◆ Supplied data:
◇ ◇ ◇ ◇ ◇
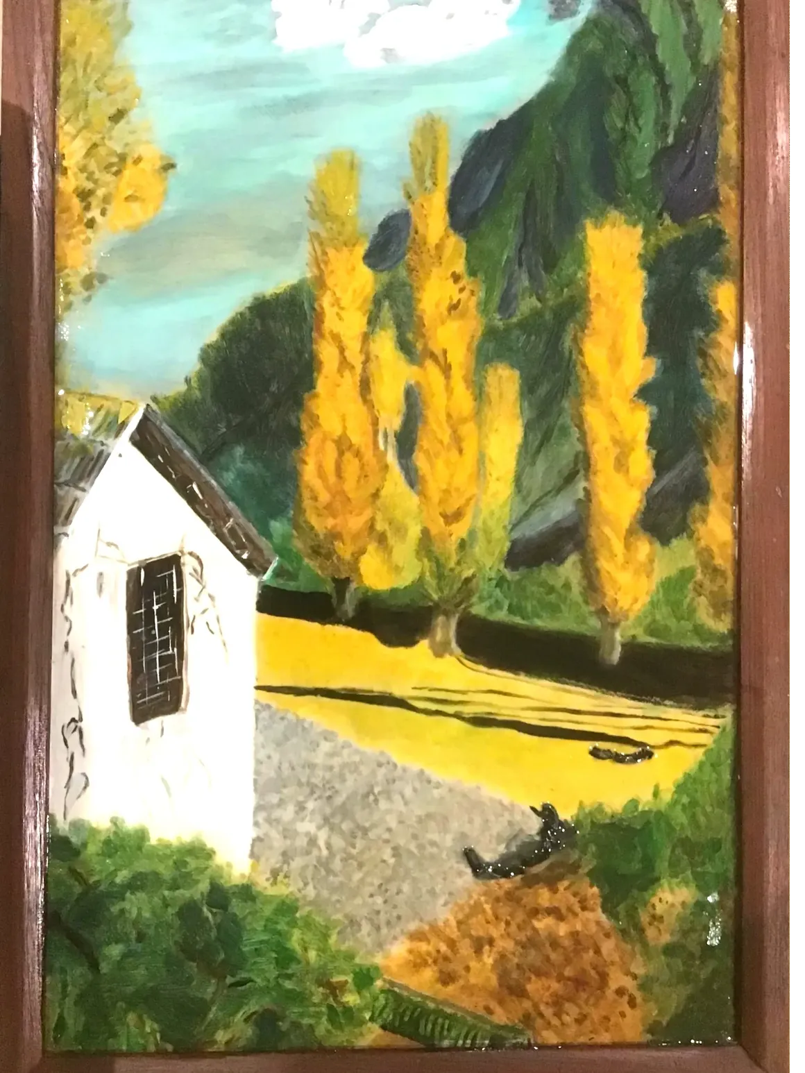 Painted on board in acrylic with resin coating.
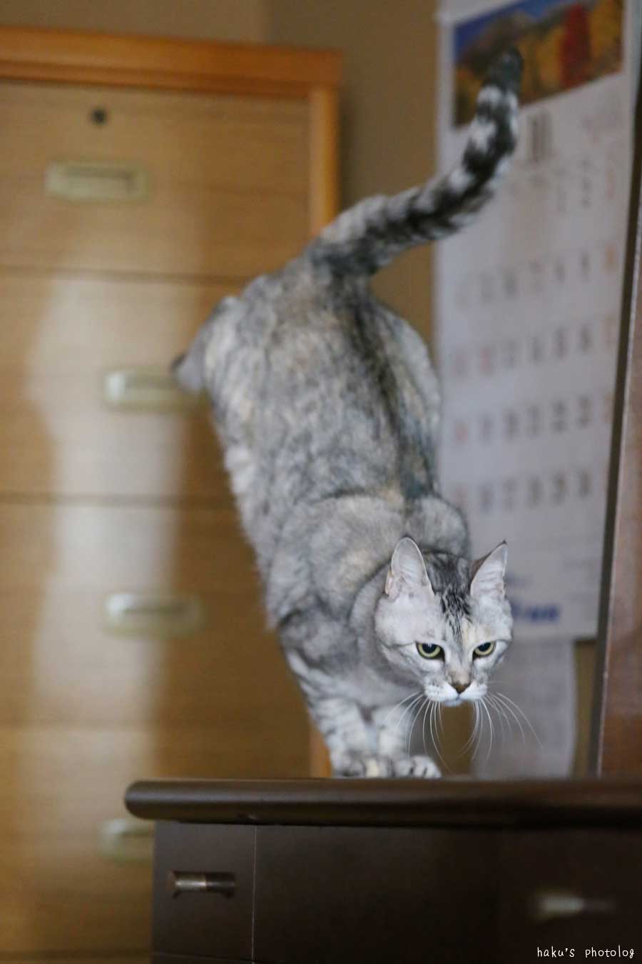 獲物を追っている三毛ちゃんはステキです。
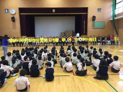 一年生が地域の方々と一緒に昔遊びを楽しみました。
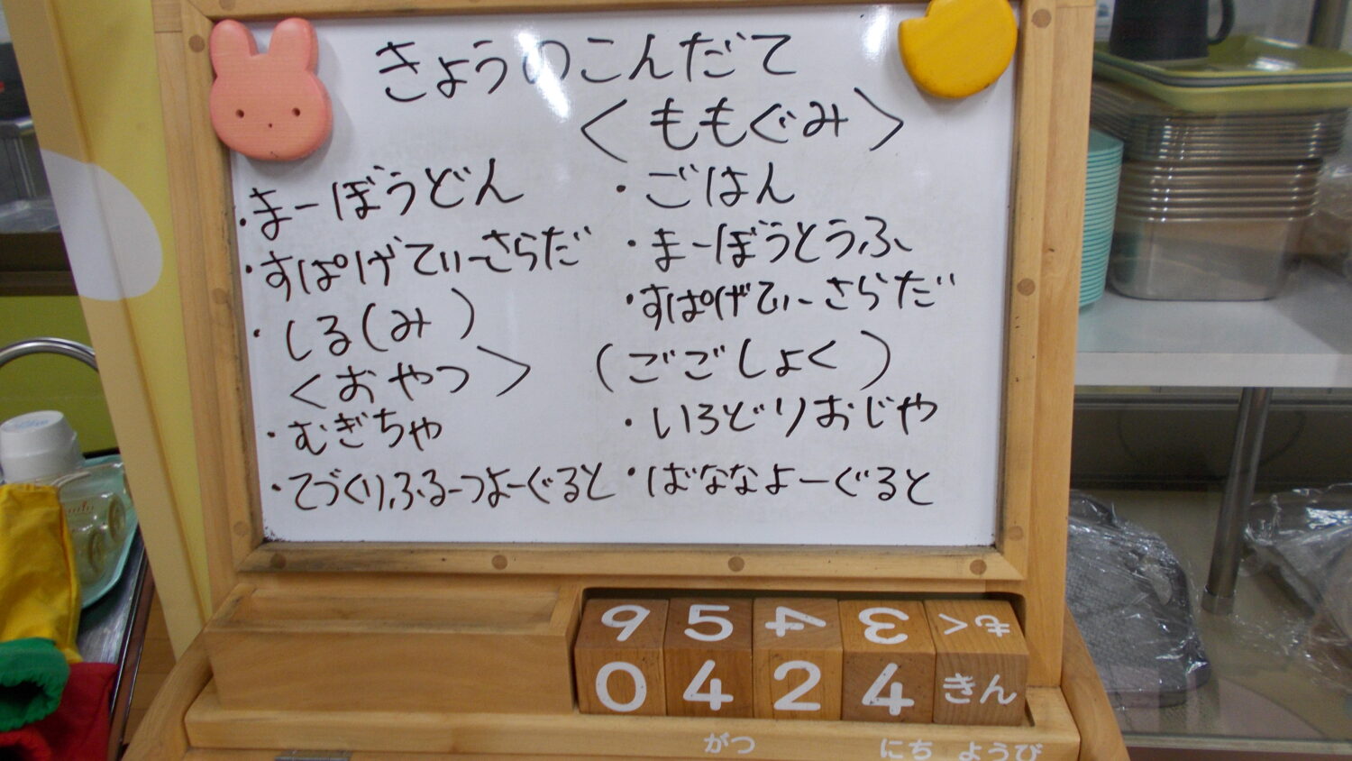 献立に変更があります。もも組の午後食がバナナヨーグルトに変わっています。
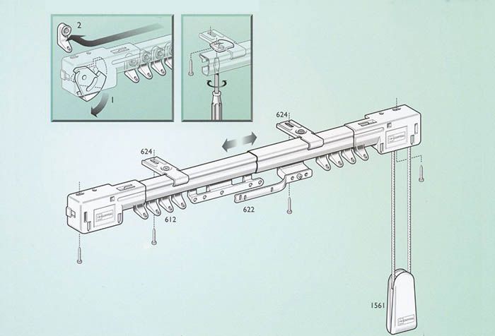 Grâce à cette conception, le poids des rideaux et des rideaux est uniformément réparti sur toute la longueur des avant-toits. Pour que les rideaux soient faciles à séparer et à glisser, ils sont attachés à des glissières spéciales.
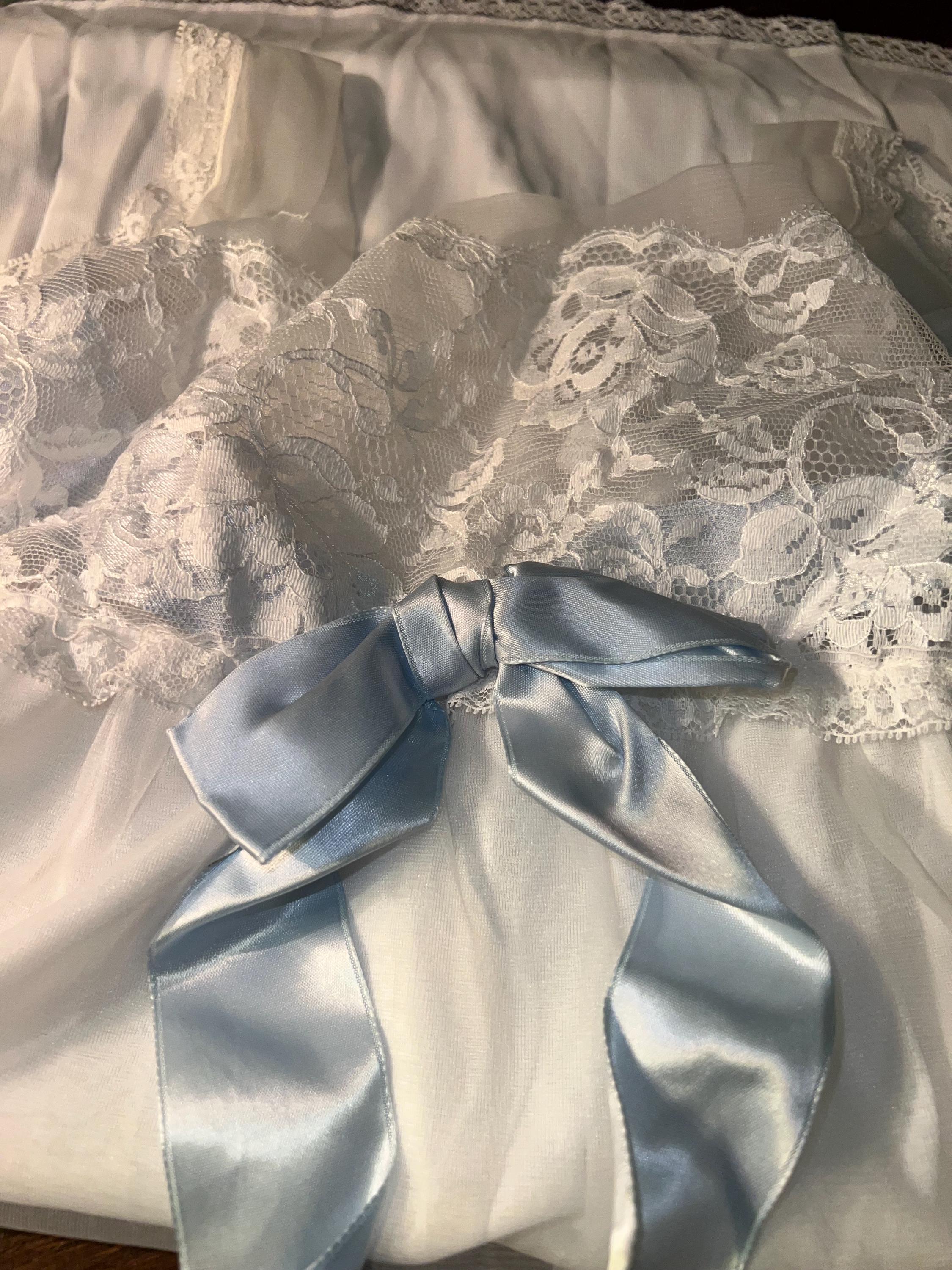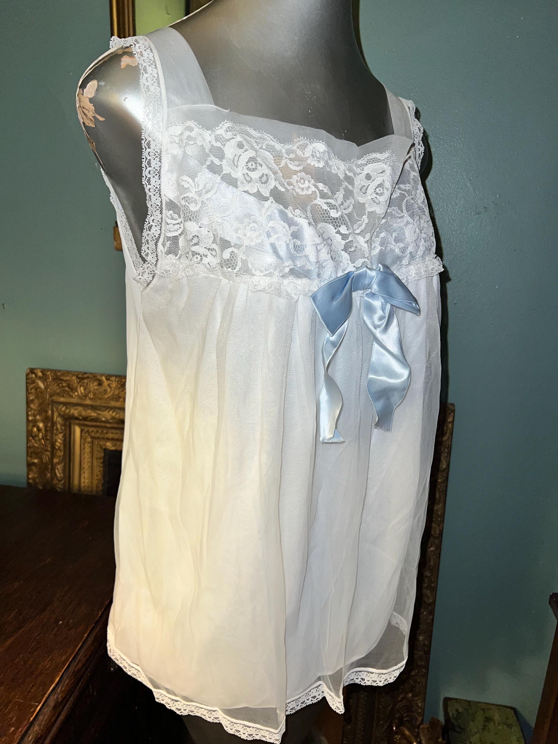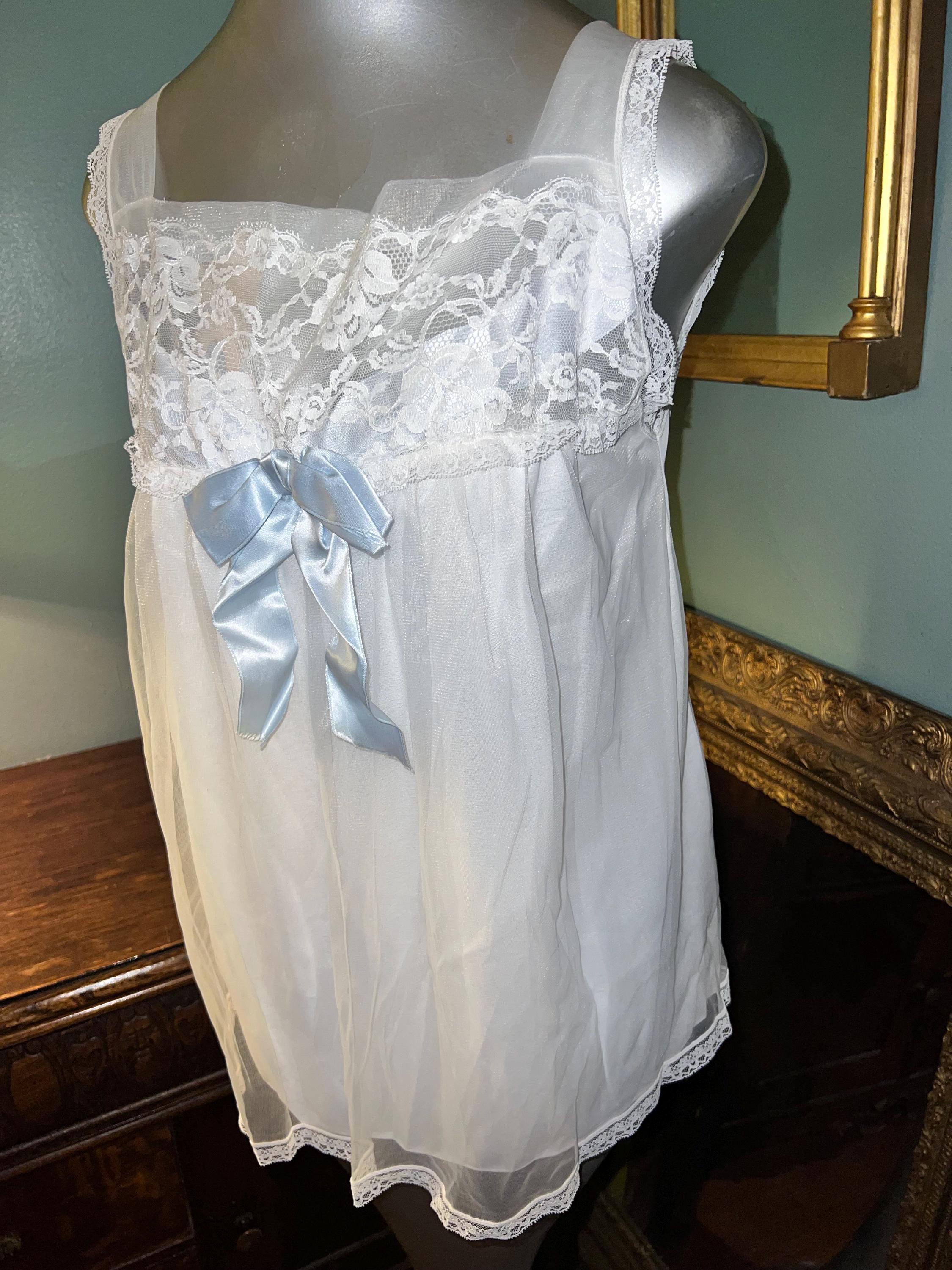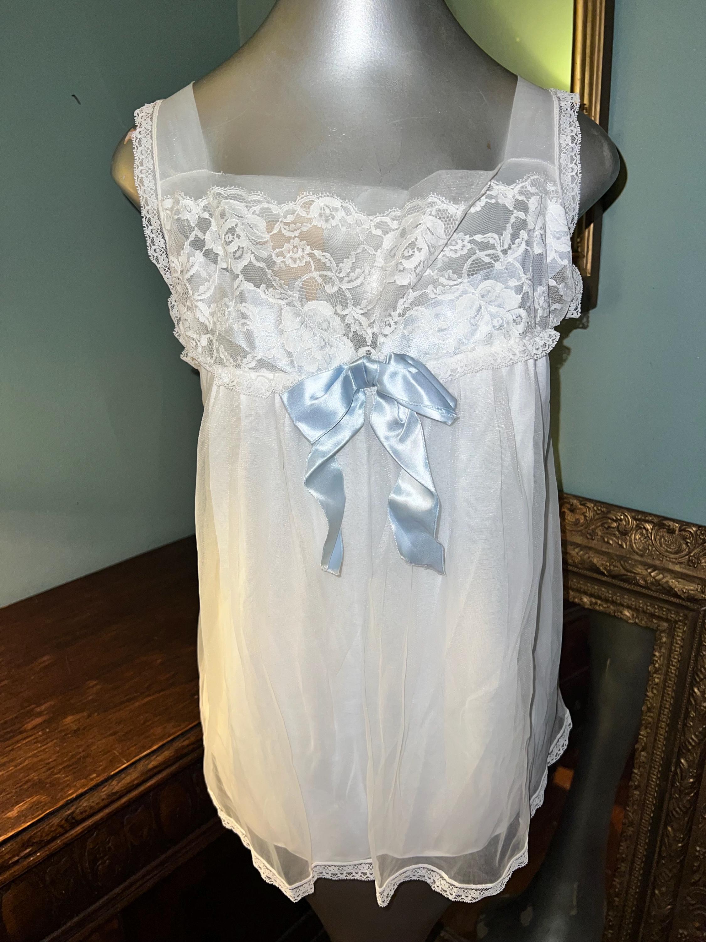 This is a very pretty and quite sexy simple short white with a white gauzy material over top with white lace bodice and edging with a thick baby blue ribbon. Very very cute. It’s in good vintage condition.
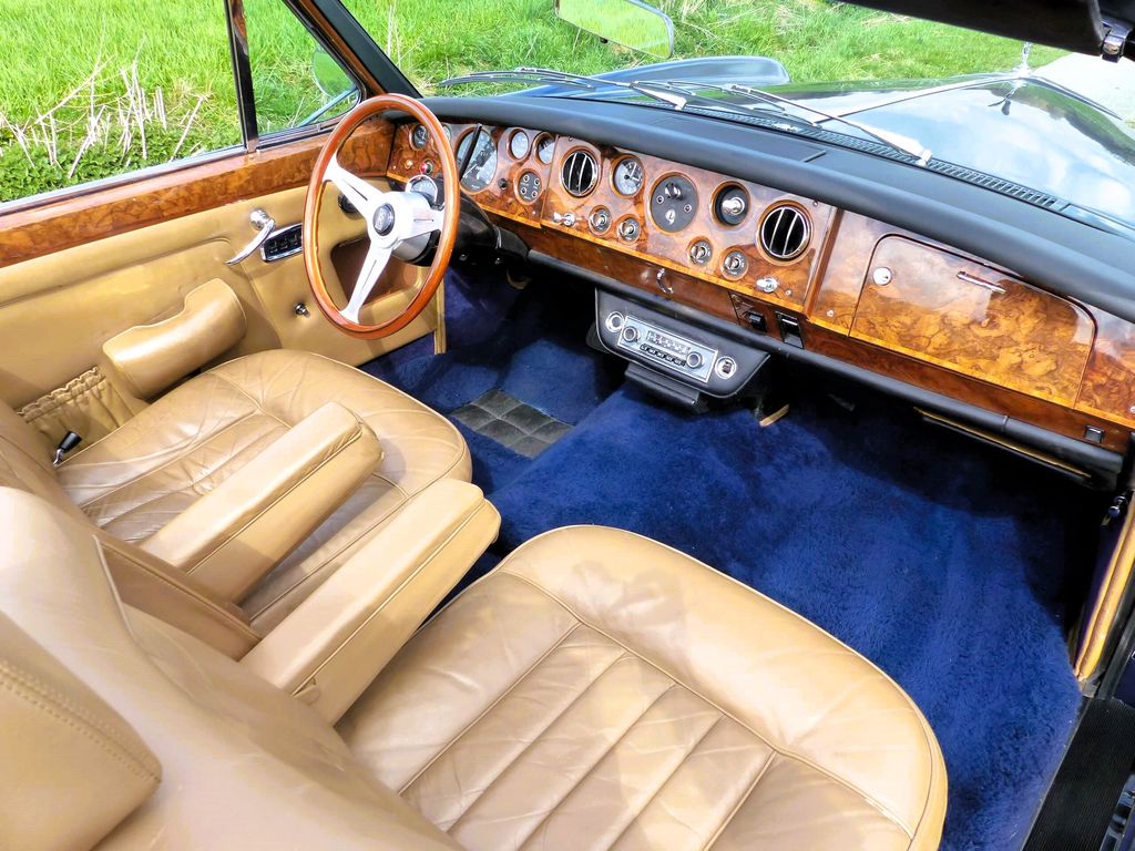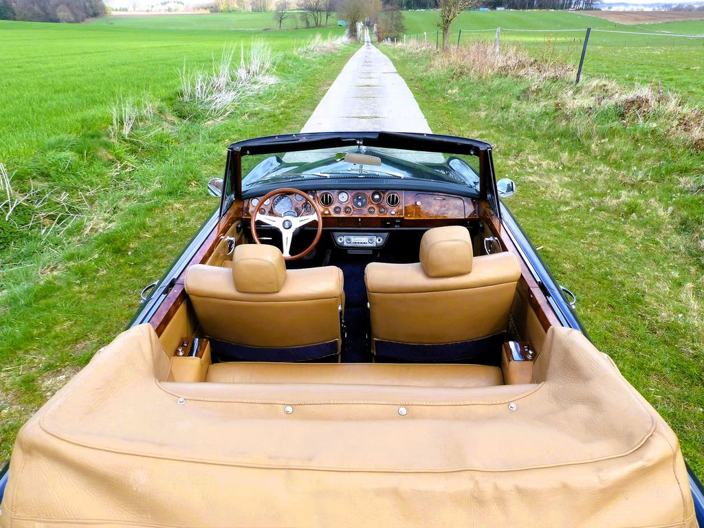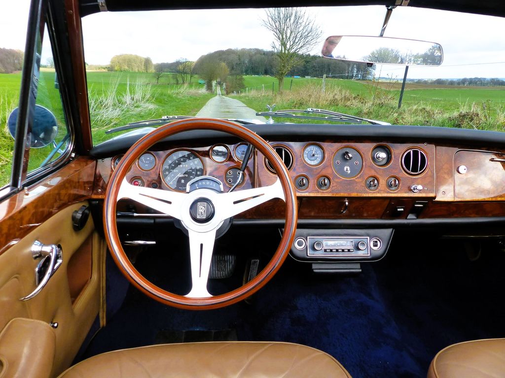 Unser Rolls-Royce Silver Shadow Drophead Coupé stammt aus dem Baujahr 1967, ist also eine ganz frühe Ausführung. In diesem Oldtimer mit seinem dunkelblauen Lack und der Innenausstattung in cognac-farbenem Leder mit dem herrlichen Edelholz-Armaturenbrett fühlt man sich wie in einem eng-lischen Herrenzimmer.
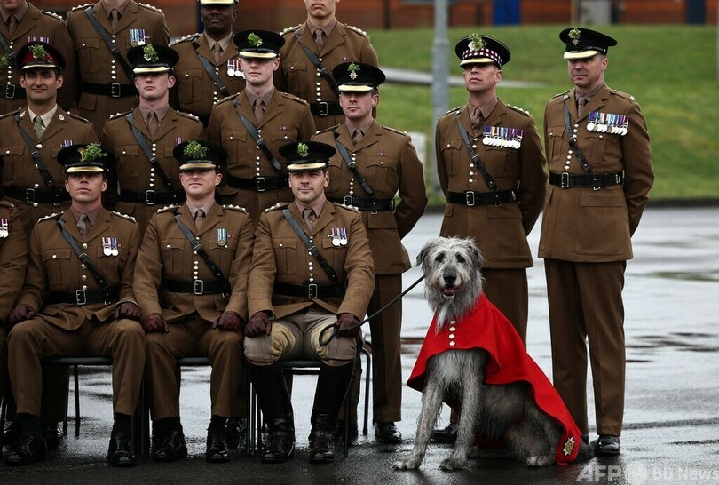 【3月26日 AFP】英ロンドンの南西にあるオールダーショット(Aldershot)の軍施設で行われた聖パトリック・デー(St Patrick's Day)を祝うアイルランド近衛連隊(アイリッシュガーズ、Irish Guards)のパレードに参加した隊のマスコット犬、3歳のアイリッシュ・ウルフハウンドのシーマスとハンドラー。(c)AFP
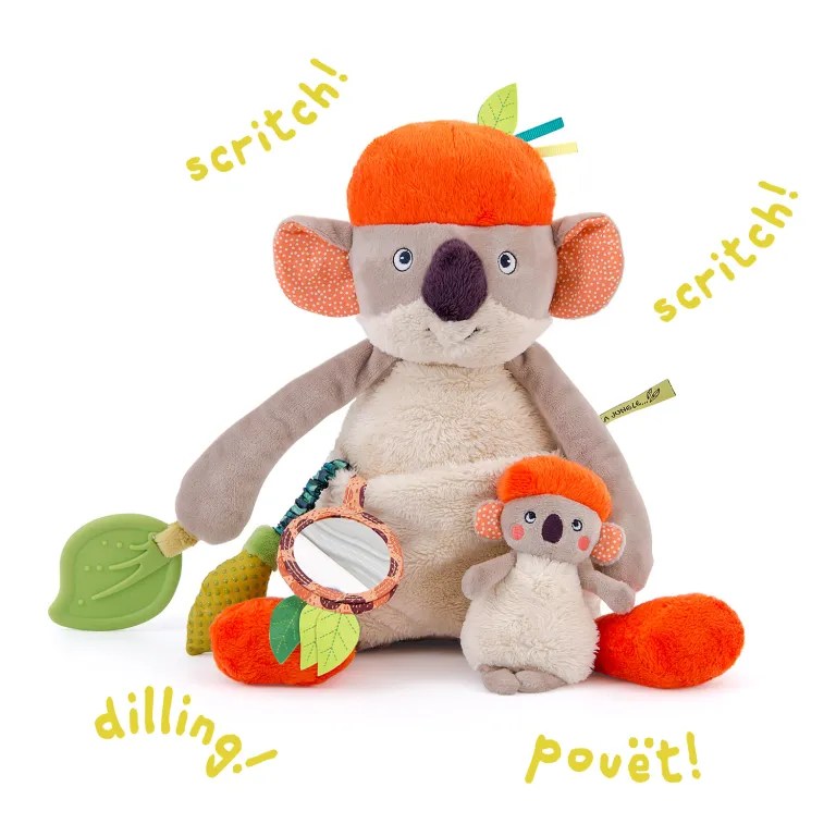 Jucarie de plus cu activitati, Koala Koco, Moulin Roty. Aceasta jucarie de plus are suficiente activitati pentru a-l distra pe micutul tau pentru o lunga perioada de timp: un koala bebelus, o oglinda, un clopotel, o frunza din cauciuc ideala pentru a calma gingiile delicate ale bebelusului, dar si diverse etichete. Koco Koala va ajuta la stimularea simturilor: tactil, auditiv si vizual, datorita diferitelor texturi, culori si sunete produse de acest plus moale. O jucarie atat utila cat si distractiva!
◇ ◇ ◇ ◇ ◇
Your output should be only the lines from the line with "Unser Rolls-Royce Silver" through the end of the data, exactly as they stand, and no pictures.

◆ Written reply:
 Unser Rolls-Royce Silver Shadow Drophead Coupé stammt aus dem Baujahr 1967, ist also eine ganz frühe Ausführung. In diesem Oldtimer mit seinem dunkelblauen Lack und der Innenausstattung in cognac-farbenem Leder mit dem herrlichen Edelholz-Armaturenbrett fühlt man sich wie in einem eng-lischen Herrenzimmer.
 【3月26日 AFP】英ロンドンの南西にあるオールダーショット(Aldershot)の軍施設で行われた聖パトリック・デー(St Patrick's Day)を祝うアイルランド近衛連隊(アイリッシュガーズ、Irish Guards)のパレードに参加した隊のマスコット犬、3歳のアイリッシュ・ウルフハウンドのシーマスとハンドラー。(c)AFP
 Jucarie de plus cu activitati, Koala Koco, Moulin Roty. Aceasta jucarie de plus are suficiente activitati pentru a-l distra pe micutul tau pentru o lunga perioada de timp: un koala bebelus, o oglinda, un clopotel, o frunza din cauciuc ideala pentru a calma gingiile delicate ale bebelusului, dar si diverse etichete. Koco Koala va ajuta la stimularea simturilor: tactil, auditiv si vizual, datorita diferitelor texturi, culori si sunete produse de acest plus moale. O jucarie atat utila cat si distractiva!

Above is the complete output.